Changing Fear

From time to time, I submit personal essays to magazines. Sometimes they publish them, sometimes they don’t. Sometimes, when they don’t, I’m left with an essay that was of a particular time and can’t be resubmitted elsewhere. This is one of those essays. I wrote it in February 2013 when I was extremely pregnant but it didn’t quite hit the mark for the magazine. It seemed a shame to abandon it entirely, so I thought I’d stick it up here.

There is a stage of giving birth called Transition. That’s right, with a capital T. It’s when you move from regular contractions, in between which you can rest, mop your brow and say things like “Whew!”, to actual, proper, pushing a person out of your body. Transition is the part when you are most likely to go bananas. You might find yourself swearing at your partner, weeping helplessly or deciding that you urgently require a sixteen-piece orchestra to accompany your labour.

I am currently in a different sort of Transition: the period between starting maternity leave and having a baby. In many ways, it is lovely. I spend my days swimming, cuddling my cats and doing yoga.

On the other hand, constantly wondering if a baby is about to fall out of you is disconcerting. Every visit to the loo, every dart of back pain, each (teeny and ladylike) bottom parp prompts the question “Is this it?” And so far it hasn’t been, but at some point it will be and I will become a mum.

This is terrifying. From Marmee in Little Women to the indefatigable Marge Simpson, popular culture says mothers always know what to do for the best. Can I, as a non-fictional mum, possibly live up to such expectations?

Probably not, but I’m starting to believe I might not be the Inexplicable Mum Who Can’t. Pregnancy has been a fantastic lesson in the pointlessness of fear and the importance of trusting my instinct.

The fact is, I’m a big feartie – a useful Scottish word for someone lacking courage. The list of things I have not done because I was scared is lengthy, embarrassing and constantly expanding. For example:

– despite being a nerdy kid with an interest in public policy, I didn’t apply to the civil service because I might have had to work abroad: too scary.

– I didn’t accept my dream job when I was offered it after university, because I’d already taken a post elsewhere and was afraid of looking unreliable.

– And the other day, I didn’t ask for bread with my lasagne in a deli, even though the menu said it should have been included, because I was frightened I’d look greedy.  I am not kidding. Somewhere in my brain lurks a genuine belief that the server would have put down his spoon, stared at me in outrage and hissed “You want bread as well as lasagne? For the same price? You intemperate hog!”

Clearly, this is insane. But pregnancy is showing me that it is also unnecessary. In contrast to the paralysis caused by my permanent intellectual fears,  my body has cracked on with making a human being without the slightest hesitation.

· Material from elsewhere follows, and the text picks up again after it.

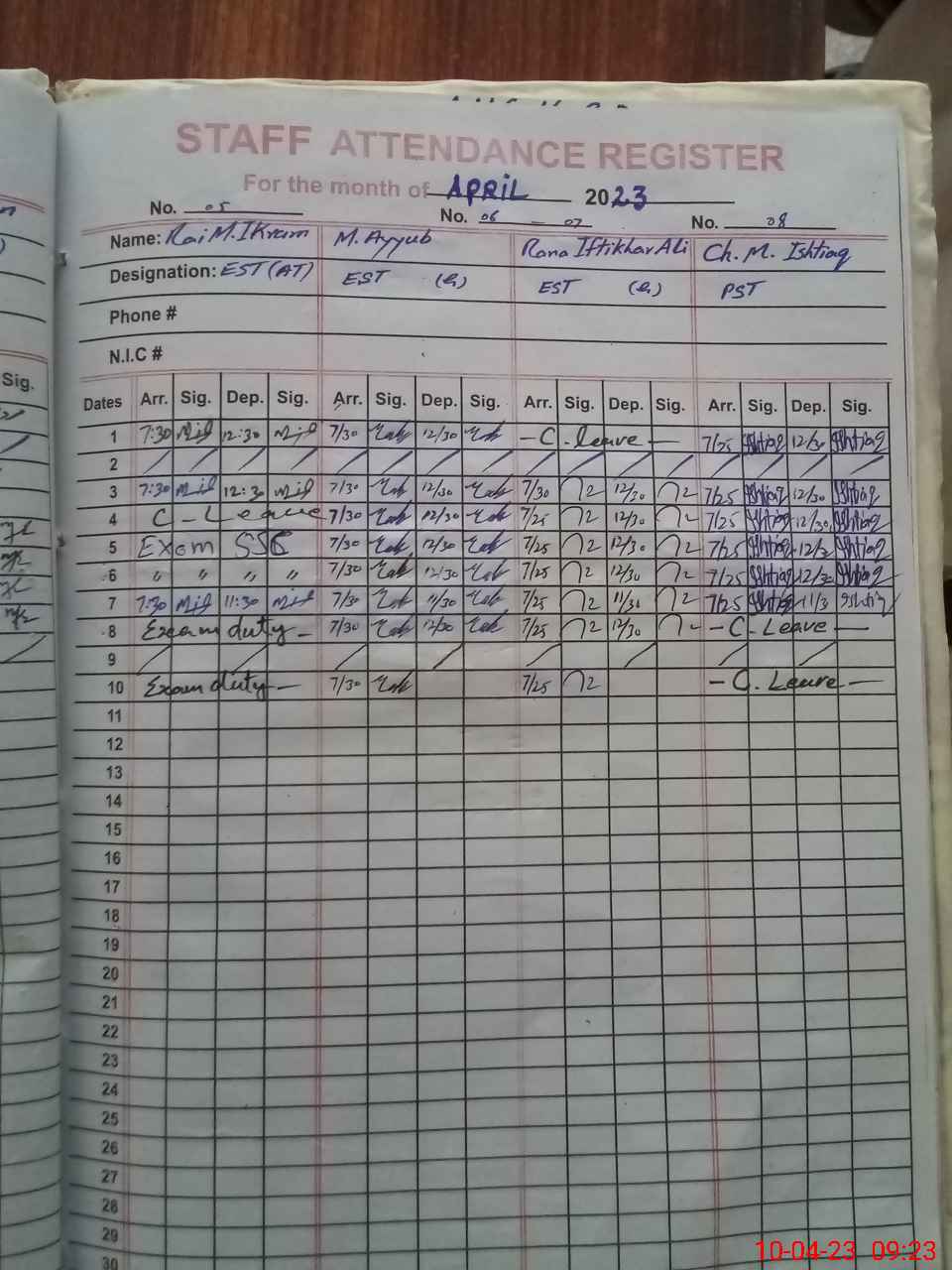 | CNIC | Full Name | Designation | R/C | Absence During Last Calender Month |

From the earliest days of my pregnancy, when my abdomen ached and my innards felt suddenly leaden, my anatomy has uttered a metaphorical “Right-ho!” and unbelievably, miraculously, turned out to know exactly what it is doing.

Without the aid of a project plan, risk analysis or spreadsheet, my previously unremarkable body has built ears, kidneys, nostrils, kneecaps, toenails and all the other constituent parts of a person. It has imbued them with life, so that I now spend quite a lot of the day going “Oof!” as my baby wedges his or her foot beneath my ribs, or watching my belly gently roll as a brand new person wriggles around inside me.

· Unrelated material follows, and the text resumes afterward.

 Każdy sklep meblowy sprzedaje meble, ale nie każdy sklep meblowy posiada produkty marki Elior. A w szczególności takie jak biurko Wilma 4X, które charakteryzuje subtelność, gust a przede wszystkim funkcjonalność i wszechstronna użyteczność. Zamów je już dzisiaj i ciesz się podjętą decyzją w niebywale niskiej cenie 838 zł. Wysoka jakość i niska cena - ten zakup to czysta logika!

All of this is making me question my panic-based approach to life thus far. If it turns out that I actually know, instinctively, how to make a baby, then what else can I do without difficulty? Maybe I won’t be a disaster as a mum. Maybe a combination of hormones, instinct and newfound confidence will get me through.  Maybe I’ll even turn out to be good at it.

It seems unlikely. But then, life is unlikely right now. Recently, I found myself in a circle of mums and babies, singing Old MacDonald Had a Farm and learning hand signals for the names of animals, such as cat, dog and cow.

As I bashfully warbled, “With a moo moo here, and a moo moo there”, I couldn’t help reflecting that the week before, I had been a manager, in charge of a department and a budget. Now I was miming imaginary  cow horns. What have I done? How will I cope?

This sort of sudden consternation has since been christened “having a moo moment” by a friend from antenatal class. But it’s exactly the sort of thinking that my body is teaching me to abandon. The fact is, I will cope. I will cope with giving birth, even if I swear and scream and demand an orchestral accompaniment. I will cope with motherhood. I will cope with going back to work, and finding ways to fit the things I love into my new life.